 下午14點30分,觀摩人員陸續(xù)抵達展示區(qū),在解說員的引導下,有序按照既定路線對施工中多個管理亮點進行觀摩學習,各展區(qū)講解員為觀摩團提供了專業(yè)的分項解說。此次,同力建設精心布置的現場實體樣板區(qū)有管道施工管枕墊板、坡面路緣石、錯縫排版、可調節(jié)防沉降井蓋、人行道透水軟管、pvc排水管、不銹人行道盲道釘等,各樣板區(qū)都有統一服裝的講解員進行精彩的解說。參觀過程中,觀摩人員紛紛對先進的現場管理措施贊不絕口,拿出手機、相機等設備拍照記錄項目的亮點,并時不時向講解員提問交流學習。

──────

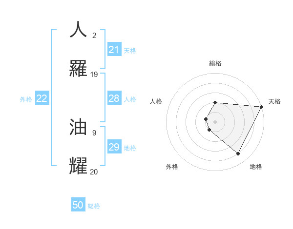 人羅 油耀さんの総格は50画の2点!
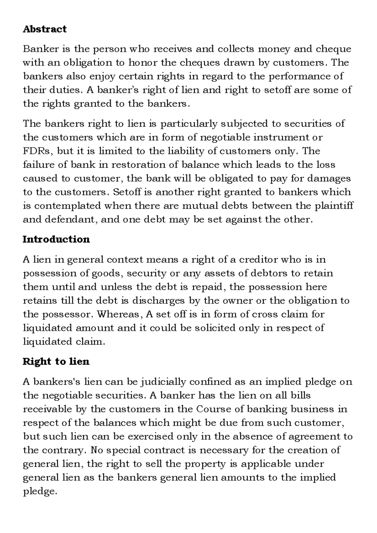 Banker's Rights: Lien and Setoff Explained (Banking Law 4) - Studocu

──────

● DIRECTIONS:
Exactly reproduce the lines above, starting at the one that contains "人羅 油耀さんの総格は50画の2点!" and ending at the one that contains "Banker's Rights: Lien", both inclusive; leave the pictures out and add no other lines.

● SOLUTION FOR THIS PROBLEM:
 人羅 油耀さんの総格は50画の2点!
 Banker's Rights: Lien and Setoff Explained (Banking Law 4) - Studocu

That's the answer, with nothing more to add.